Ever since I read articles that covered the U.S. Surgeon General’s January 2024 report about alcohol consumption, I haven’t touched a drop. The report suggested that even moderate drinking could increase cancer risks, recommending scary warning labels on all alcoholic beverages. And then I learned that each drink supposedly takes away 5 minutes of your life. As someone who enjoyed their occasional glass of alcohol this was pretty unsettling.

But this weekend I was listening to Derek Thompson’s podcast that has pushed me down a rabbit hole and made it easier for me to reconsider my choices. And here’s the thing - this isn’t just a modern worry that I individually have. We’ve been worrying about alcohol consumption for literally thousands of years.

“It is hard to say whether wine does good to more people than it harms”? Sounds like it could be from today’s health magazine, but nope. That was Pliny the Elder, writing in the 1st century AD. Even back then, people were debating whether moderate drinking was okay.

Fast forward to 1991, when something fascinating happened. CBS’s “60 Minutes” aired a segment about the “French Paradox” - how the French, despite their butter-rich diet, had lower cardiovascular disease rates than Americans. Their secret weapon? Red wine. This single TV segment caused U.S. wine sales to surge by 40%!

But here’s where things get tricky. Most alcohol studies are what scientists call “observational studies,” and they’re not as reliable as you might think. It’s like trying to figure out if umbrellas cause rain just because you see them together often. These studies have several problems:

  1. No control groups (imagine trying to study a medicine without having a group that doesn’t take it)
  2. Tons of confounding factors (wealthy people tend to drink moderately AND have better healthcare)
  3. Self-reporting issues (what’s “one drink” to you might be very different from what it means to me)
  4. Selection bias (moderate drinkers often have healthier lifestyles overall)

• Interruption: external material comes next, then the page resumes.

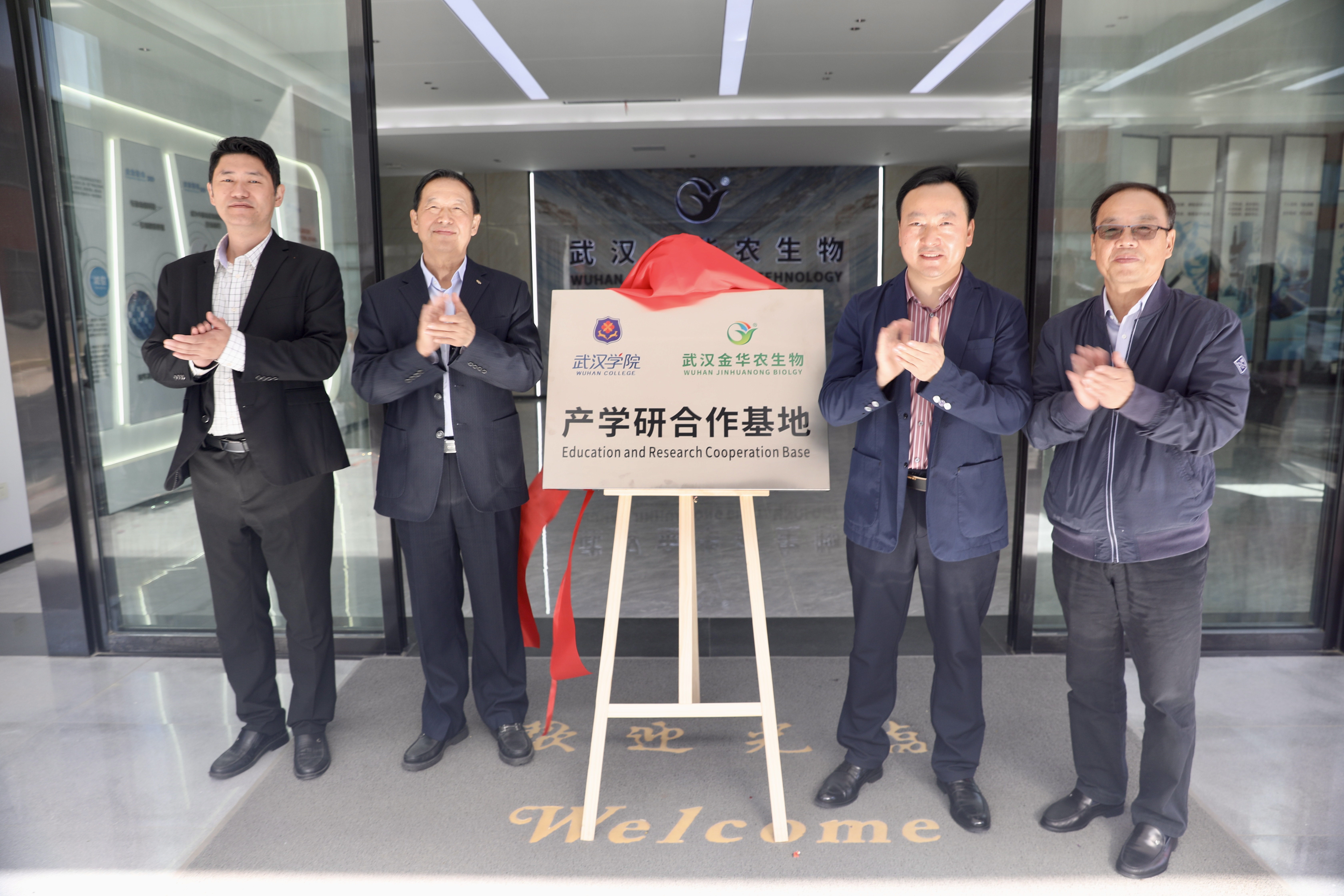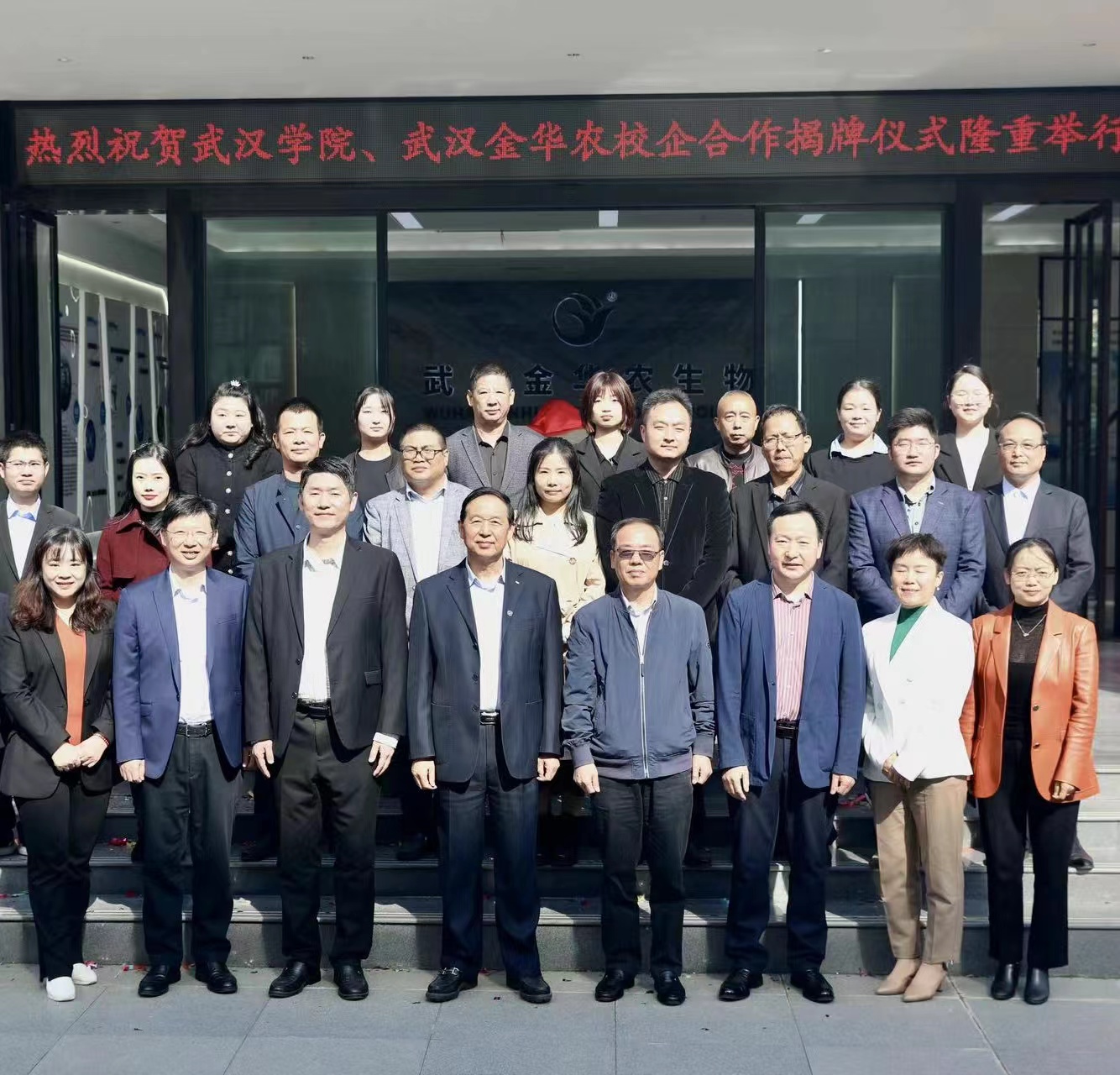 武漢學(xué)院校長李忠云、副校長羅航、管理學(xué)院院長李延暉、教務(wù)處處長韋瑋、金融與經(jīng)濟學(xué)院副院長周利、教務(wù)處副處長謝忠琴、學(xué)生工作處副處長戚蘭,武漢金華農(nóng)生物公司董事長富勝、副總經(jīng)理黃凡、市場總監(jiān)郭昌盛、人事總監(jiān)梅寒、技術(shù)總監(jiān)吳志良、湖北分公司總經(jīng)理劉總、山東分公司總經(jīng)理徐總及公司相關(guān)代表出席簽約儀式。會議特邀原湖北省總工會黨組書記、常務(wù)副主席馬建中參加見證簽約揭牌儀式。
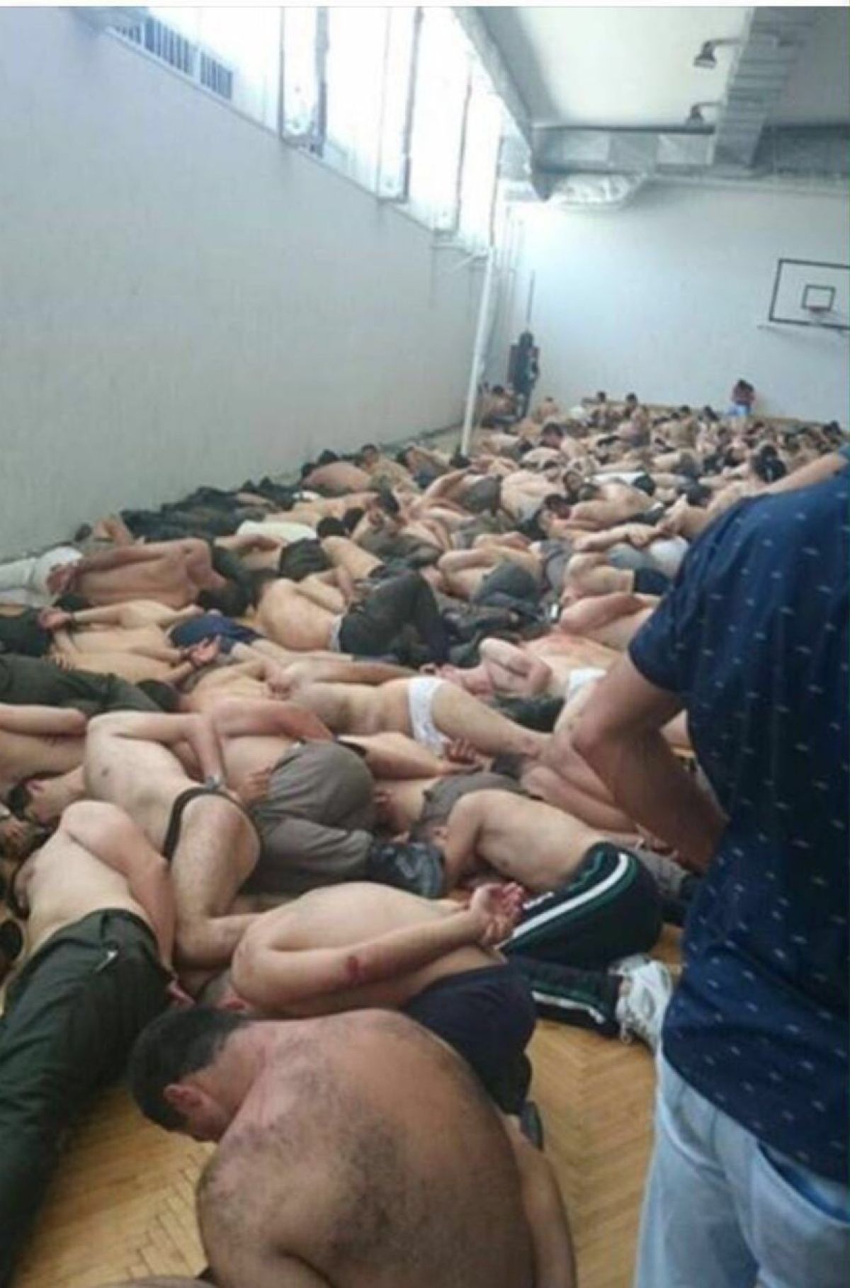 Po neuspelem (domnevnem) vojaškem udaru v Turčiji so ulice pa poziv predsednika Erdogana preplavili njegovi podporniki in se nečloveško znesli nad prevratniki. Vse to mirno gledajo Erdoganu zveste turške varnostne sile, ki se nad ujetniki tudi same kruto znašajo. Vsi aretirani so morali sleči svoje uniforme, nato so morali v spodnjem perilu in vklenjeni leči na tla. Na eni od fotografij jih je deset, kako drug ob drugem ležijo v nekem prostoru, ki spominja na konjušnico.

Here’s a perfect example: researchers once found a correlation between mouthwash use and mouth cancer. Scary, but it turns out people were using mouthwash because they had mouth cancer symptoms, not the other way around.

The scientific opinion on moderate drinking has done a complete 180° over the years. In 2011, Canada said men could safely have up to 15 drinks per week. By 2023? They said anything more than two drinks per week puts your health at risk. This reminds me that in the early 20th century, smoking was often portrayed as a healthy activity, with endorsements from medical professionals and athletes. For instance, in the 1930s, advertisements featured doctors promoting specific cigarette brands, suggesting health benefits.

Additionally, Olympic athletes were paid to endorse tobacco products. In 1928, Helen Wainwright, a silver medalist in swimming and diving, appeared in a Lucky Strike advertisement, claiming the cigarettes didn’t affect her “wind or throat.” And now we all know the harmful effects of smoking. This is exactly why I take most stats with a bucket of salt.

But let’s talk about these risks in real terms. When you hear “moderate drinking increases breast cancer risk by 10-20%”, it sounds terrifying. But in absolute terms? It raises the lifetime risk from 11% to 13%. For mouth cancer, while moderate drinking increases relative risk by 40%, the absolute risk increase is just 0.3 percentage points.

Now, about those 5 minutes. According to researcher Tim Stockwell, each drink does take away about 5 minutes of your life. But here’s something interesting - according to Stanford scientist Ewan Ashley, one minute of exercise adds 5 minutes to your life! So technically, you could jog for a minute to offset that glass of wine.

But this piece from Derek Thompson in the Atlantic article got me really thinking:

An underrated aspect of the surgeon general’s report is that it is following, rather than trailblazing, a national shift away from alcohol. As recently as 2005, Americans were more likely to say that alcohol was good for their health, instead of bad. Last year, they were more than five times as likely to say it was bad, instead of good. In the first seven months of 2024, alcohol sales volume declined for beer, wine, and spirits. The decline seemed especially pronounced among young people.

To the extent that alcohol carries a serious risk of excess and addiction, less booze in America seems purely positive. But for those without religious or personal objections, healthy drinking is social drinking, and the decline of alcohol seems related to the fact that Americans now spend less time in face-to-face socializing than any period in modern history. That some Americans are trading the blurry haze of intoxication for the crystal clarity of sobriety is a blessing for their minds and guts. But in some cases, they may be trading an ancient drug of socialization for the novel intoxicants of isolation.

So next time I’m out with friends, enjoying a good conversation over a glass of whiskey, will I be counting the minutes I’m losing? Probably not. Besides, I can always go for a jog tomorrow.

Ps: This blog was written largely with Claude to bring clarity and polish to the ideas presented. I can outline like a pro but write like a toddler with a crayon.